## SUPPLIED INFORMATION
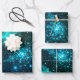 Teal Blue Ombre Starburst Celestial Fireworks Wrapping Paper Sheet
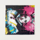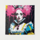 Imaginant Alice comme le lapin avec l'imaginaire de cheveux roses L'IA produit de l'art dans les couleurs de rose, bleu, jaune, noir et blanc avec des éclaboussures d'encre.
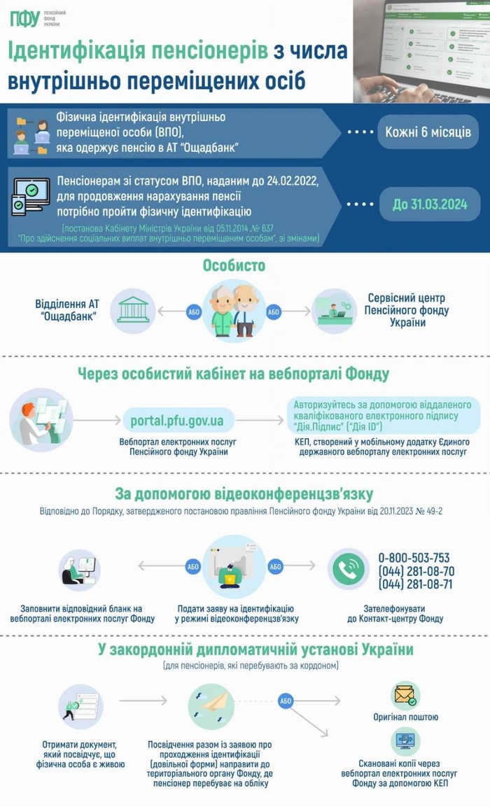 Постановою уряду від 08.08.2023 №837 передбачено, що для отримання виплат у 2024 році особи з числа ВПО мають пройти ідентифікацію в АТ "Ощадбанк" або в органах Пенсійного фонду України.

## BRIEF
Take the material above from its first line through the line that has "Imaginant Alice comme" and copy it exactly, without any pictures.

## SOLUTION FOR THIS TASK
 Teal Blue Ombre Starburst Celestial Fireworks Wrapping Paper Sheet
 Imaginant Alice comme le lapin avec l'imaginaire de cheveux roses L'IA produit de l'art dans les couleurs de rose, bleu, jaune, noir et blanc avec des éclaboussures d'encre.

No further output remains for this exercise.